- **What you have to do**
From the line holding "Este elegante apartamento" through the line holding "Introducing Aveiro, a" below, write out every line exactly; include both of those lines and drop the pictures.

- **Exercise material**
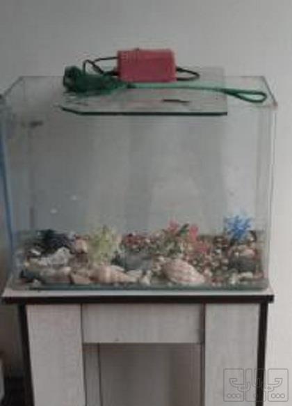 آکواریوم شیشه خم با پایه وسایل سالم تمیز طول 50 عرض 30 ارتفاع 40 یک پمپ هوا شن پنج صدف بزرگ زیبا تور ماهی گیری علف گل مصنوعی پایه دماسنج
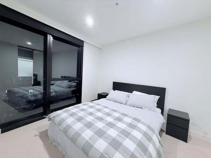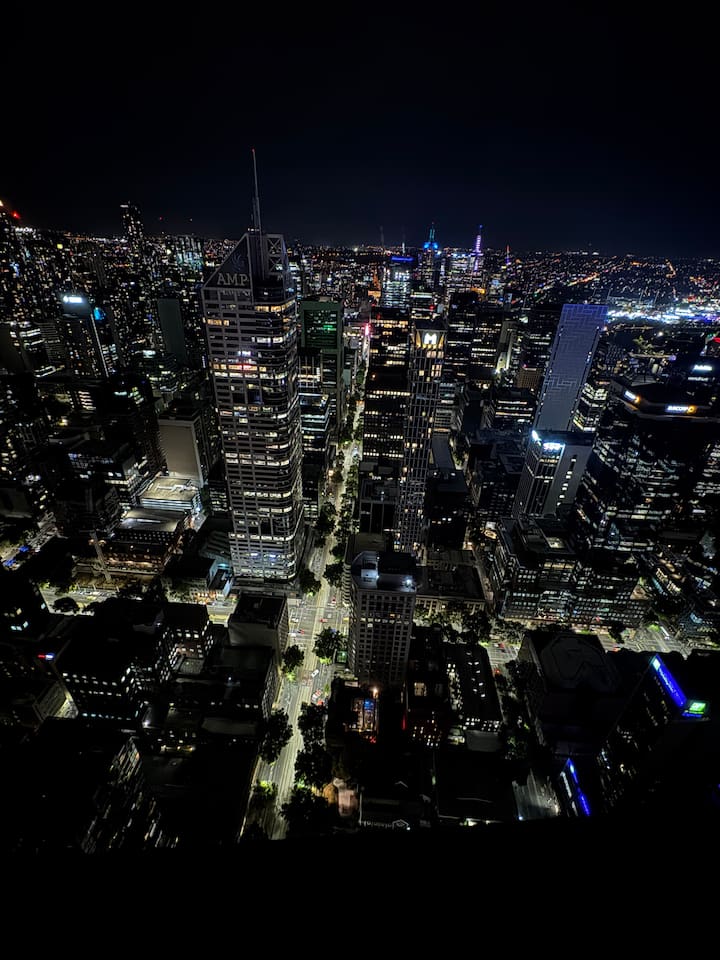 Este elegante apartamento ofrece impresionantes vistas a la ciudad y a la noche, interiores elegantes y una cómoda cama tamaño queen, perfecta para parejas, viajeros solitarios y huéspedes de negocios que buscan comodidad en el corazón de Melbourne.
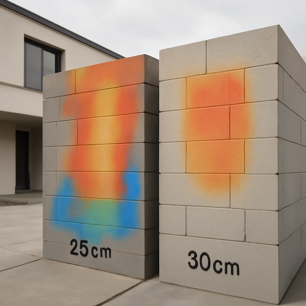 Zidul de 30 cm poate reduce costurile cu izolația termică suplimentară, dar poate fi mai scump inițial din cauza materialului. Zidul de 25 cm este mai ieftin la început, dar costurile pot crește din cauza necesității unui strat de izolație mai consistent.
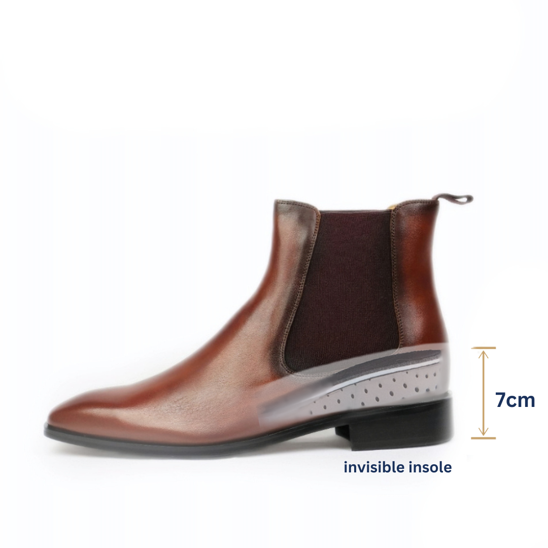 Introducing Aveiro, a luxurious Chelsea boot handmade with the luxurious cognac calfskin leather and brown leather. Featuring an invisible 7cm height increasing insole, ergonomic design, and superior craftsmanship, Volo Alte boots elevates comfort and style to a new level, perfect for the discerning gentleman.
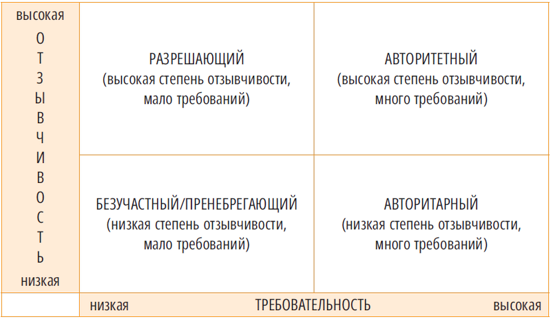 Каждый из трех стилей воспитания оценивался по степени требовательности (также называемой контролем, наставлением или ожиданиями) и отзывчивости (или, по-другому, поддержки, понимания или теплоты). Первый стиль она назвала разрешающим. Он подразумевает много теплоты и почти полное отсутствие требовательности. Такие родители любят и поддерживают детей, позволяя им делать практически что угодно. Они поощряют в ребенке умение формировать и отстаивать собственное мнение, стараются выстроить с ним демократичные отношения. Противоположным разрешающему является авторитарное воспитание. В данном случае родители ждут от ребенка самых высоких достижений, но в общении с ним крайне сдержанны. Авторитарные родители предъявляют высокие «требования зрелости». Они заставляют детей строго придерживаться установленных правил и наказывают за их нарушение, не особо разбираясь в причинах такого поведения. Между этими двумя крайностями есть золотая середина, которая называется авторитетным стилем воспитания. На письме слова «авторитарный» и «авторитетный» различаются всего несколькими буквами, но именно они указывают на совершенно разный подход к воспитанию. Авторитетные родители возлагают большие надежды на своих детей, при этом оказывая им всю необходимую эмоциональную поддержку. Авторитетное воспитание сочетает в себе, с одной стороны, теплоту/поддержку/отзывчивость, а с другой – наставления/ожидания/требовательность. Авторитетные родители ждут от детей зрелого и разумного поведения и дают им для этого все, что нужно. Им небезразличны мысли и чувства ребенка и то, почему он поступает так, а не иначе. Но главными в семье являются именно родители. Позднее исследователи выделили и четвертый стиль воспитания – безучастный, или пренебрегающий. Его отличают высокая холодность и низкий уровень ожиданий. В таблице ниже сведены все стили воспитания.

- **Response for this exercise**
 Este elegante apartamento ofrece impresionantes vistas a la ciudad y a la noche, interiores elegantes y una cómoda cama tamaño queen, perfecta para parejas, viajeros solitarios y huéspedes de negocios que buscan comodidad en el corazón de Melbourne.
 Zidul de 30 cm poate reduce costurile cu izolația termică suplimentară, dar poate fi mai scump inițial din cauza materialului. Zidul de 25 cm este mai ieftin la început, dar costurile pot crește din cauza necesității unui strat de izolație mai consistent.
 Introducing Aveiro, a luxurious Chelsea boot handmade with the luxurious cognac calfskin leather and brown leather. Featuring an invisible 7cm height increasing insole, ergonomic design, and superior craftsmanship, Volo Alte boots elevates comfort and style to a new level, perfect for the discerning gentleman.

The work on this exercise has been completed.